The fact that all points on the ellipse 180 are returned with the same time delay presents a display challenge, since distinguishing points along the ellipse from one another within a single image is not possible. However, by combining images obtained from multiple receive points, the points may be more easily distinguished, since the equal-time-delay ellipses defined by the multiple receive apertures will be slightly different.

FIG. 1C shows that with a transmit pulse from element T1, echoes from a single scatterer (n,p) are received by different receive elements such as R1, R2, and R3 at different times. The loci of the same scatterer can be represented by ellipses 180, 185 and 190 of FIG. 1C. The location at which these ellipses intersect (point n,p) represents the true location of the scatterer. Beam forming hardware, firmware, or software can combine the echoes from each receive element to generate an image, effectively reinforcing the image at the intersection of the ellipses. In some embodiments, many more receiver elements than the three shown may be used in order to obtain a desirable signal-to-noise ratio for the image. FIG. 1C also illustrates MAUI electronics, which can comprise the MAUI electronics described above with reference to FIGS. 1A and 2.

A method of rendering the location of all of the scatterers in the target object, and thus forming a two dimensional cross section of the target object, will now be described with reference to multi-aperture ultrasound imaging system 300 of FIG. 3. FIG. 3 illustrates a grid of points to be imaged by apertures 302 and 304. A point on the grid is given the rectangular coordinates (i,j). The complete image will be a two dimensional array called “echo.” In the grid of FIG. 3, mh is the maximum horizontal dimension of the array and my is the maximum vertical dimension. FIG. 3 also illustrates MAUI electronics, which can comprise the MAUI electronics described above with reference to FIGS. 1A and 2.

In one embodiment, the following pseudo code may be used to accumulate all of the information to be gathered from a transmit pulse from one transmit element (e.g., one element of T1 . . . Tn from aperture 302), and the consequent echoes received by one receive element (e.g., one element of R1 . . . Rm from aperture 304) in the arrangement of FIG. 3.

for (i = 0; i < mh; i++){
for (j = 0; j < mv; j++){
compute distance a
compute distance b
compute time equivalent of a+b
echo[ i ][ j ] = echo[i ][ j]+stored received echo at the computed time delay.
}
}

The fixed delay is primarily the time from the transmit pulse until the first echoes are received. As will be discussed later, an increment can be added or subtracted to compensate for varying fat layers.

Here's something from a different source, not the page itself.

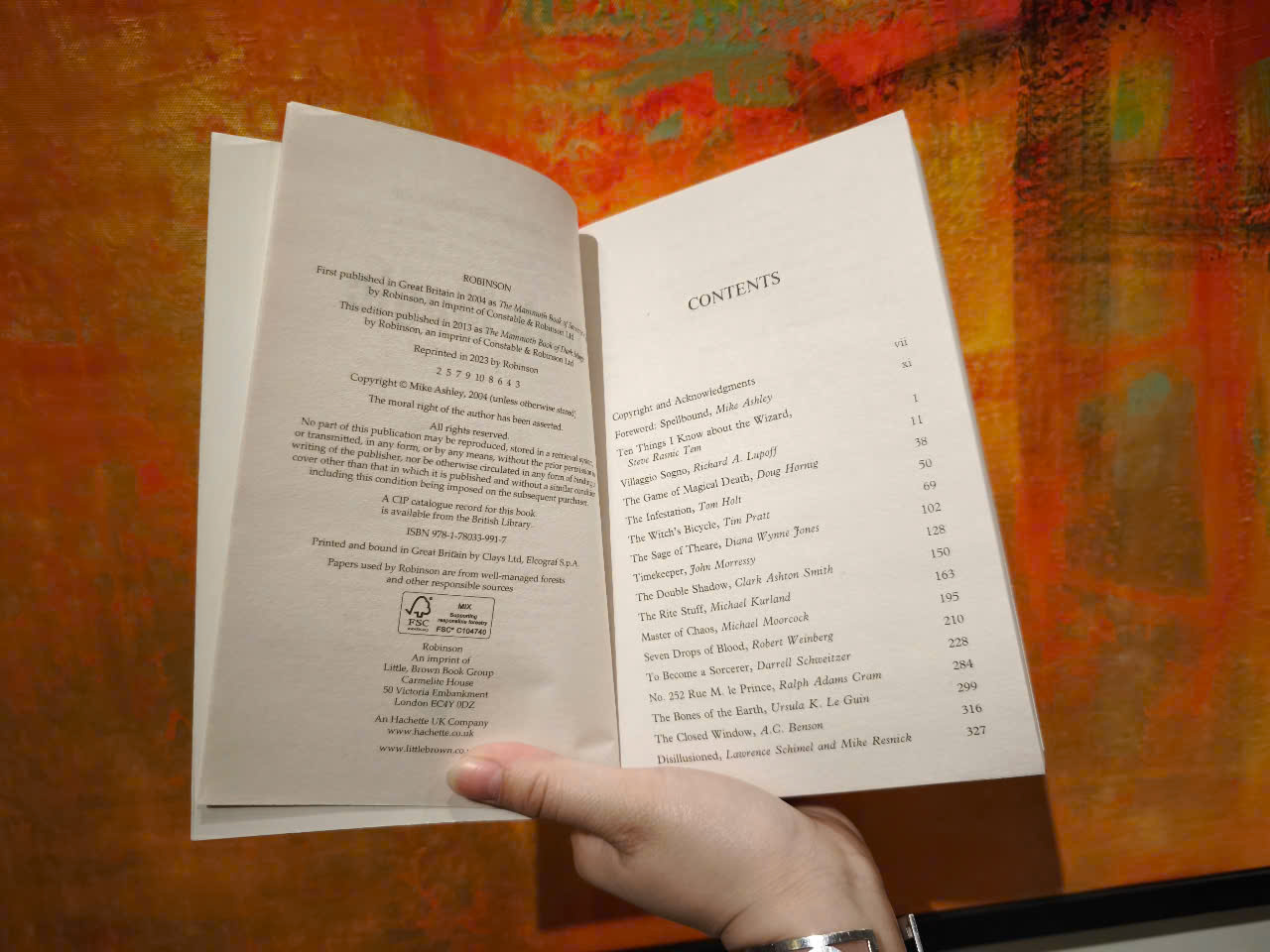 Twenty-three spellbinding tales of sorcery, wizardry and witchcraft, of the ceaseless battle between good and evil. From dark lords and epic clashes between the forces of good and evil to a child's struggle to control magical powers for the first time this wonderfully varied collection comprises stories by the most outstanding writers of fantasy: A. C. Benson, James Bibby, Marion Zimmer Bradley, Louise Cooper, Ralph Adams Cram, Peter Crowther, Esther M. Friesner, Tom Holt, Doug Hornig, Diana Wynne Jones, Michael Kurland, Tim Lebbon, Ursula K. Le Guin, Richard A. Lupoff, Michael Moorcock, John Morressy, Tim Pratt, David Sandner, Lawrence Schimel and Mike Resnick, Darrell Schweitzer, Clark Ashton Smith, Steve Rasnic Tem and Robert Weinberg.

A complete two dimensional image may be formed by repeating this process for every receive element in aperture 304 (e.g., R1 . . . Rm). In some embodiments, it is possible to implement this code in parallel hardware resulting in real time image formation.

Combining similar images resulting from pulses from other transmit elements will improve the quality (e.g., in terms of signal-to-noise ratio) of the image. In some embodiments, the combination of images may be performed by a simple summation of the single point source pulse images (e.g., coherent addition). Alternatively, the combination may involve taking the absolute value of each element of the single point source pulse images first before summation (e.g., incoherent addition). In some embodiments, the first technique (coherent addition) may be best used for improving lateral resolution, and the second technique (incoherent addition) may be best applied for the reduction of speckle noise. In addition, the incoherent technique may be used with less precision required in the measurement of the relative positions of the transmit and receive apertures. A combination of both techniques may be used to provide an optimum balance of improved lateral resolution and reduced speckle noise. Finally, in the case of coherent addition, the final sum should be replaced by the absolute value of each element, and in both cases, some form of compression of the dynamic range may be used so that both prominent features and more-subtle features appear on the same display. In some embodiments, additional pixel locations are located on a grid without scan-conversion.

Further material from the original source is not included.